ASSIGNED TASK:
Could you transcribe exactly the lines from the one containing "Marchesa Voyage XL" through the end of the listing below, both included, but none of the pictures?

COLLECTED MATERIAL:
━━━━━━━━━━━━━━━━━━━━━━━━━━━━━━

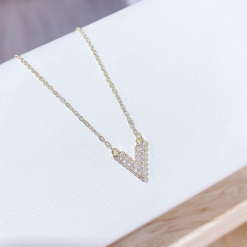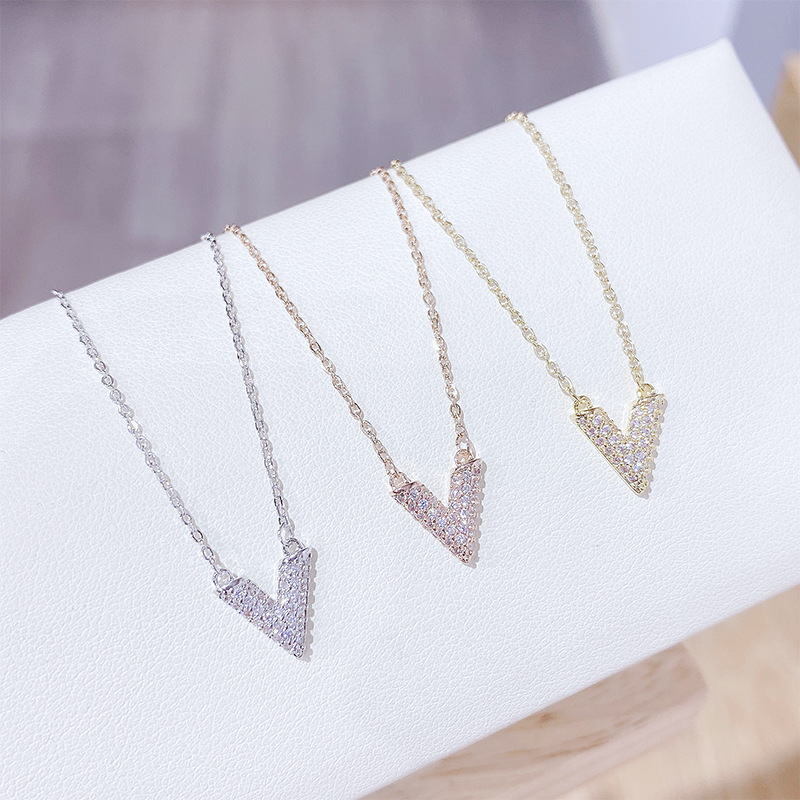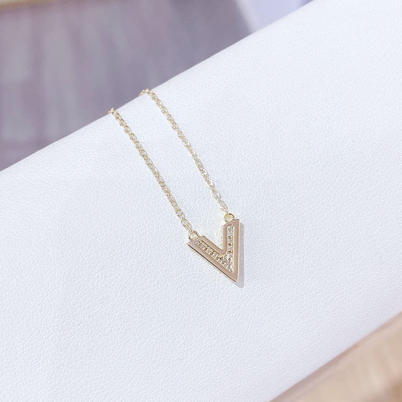 V字czダイヤゴールドk18色ネックレス★小ぶりなのに存在感良し★韓国SNS話題
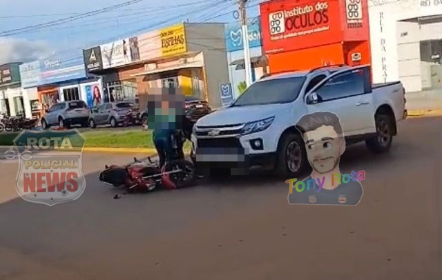 A colisão envolveu uma camionete Chevrolet S-10 e uma motocicleta, deixando a piloto da moto com escoriações pelo corpo.
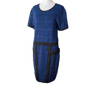 Marchesa Voyage XL Sheath Dress Short Sleeve Zippers Blue Black Bodycon
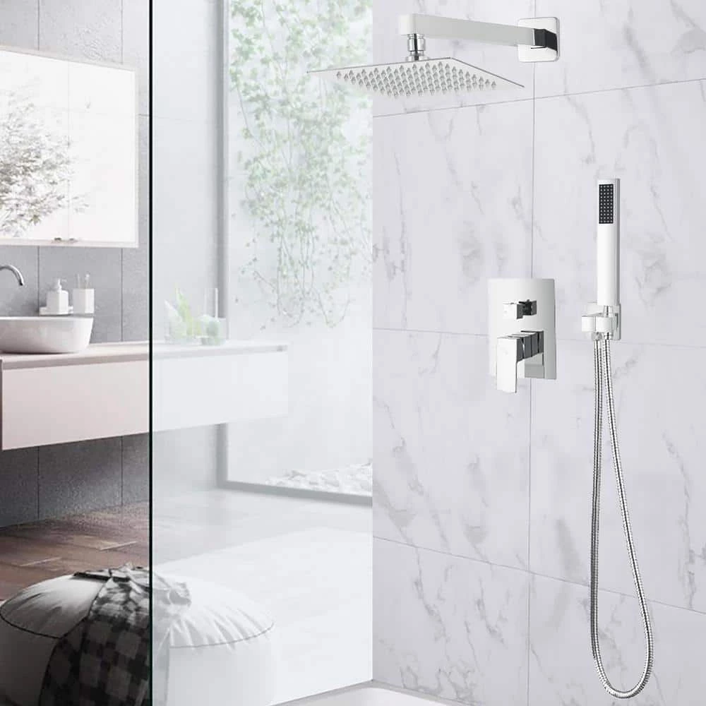 Shower Faucet with Valve and Shower Head Systems Wall Mounted Shower Combo Set for Bathroom. Integrated diverter makes it simple to switch between shower faucet and handheld shower. The in-wall hidden installation design gave an elegant appearance in any bathroom.

━━━━━━━━━━━━━━━━━━━━━━━━━━━━━━

SOLUTION FOR THIS PROBLEM:
 Marchesa Voyage XL Sheath Dress Short Sleeve Zippers Blue Black Bodycon
 Shower Faucet with Valve and Shower Head Systems Wall Mounted Shower Combo Set for Bathroom. Integrated diverter makes it simple to switch between shower faucet and handheld shower. The in-wall hidden installation design gave an elegant appearance in any bathroom.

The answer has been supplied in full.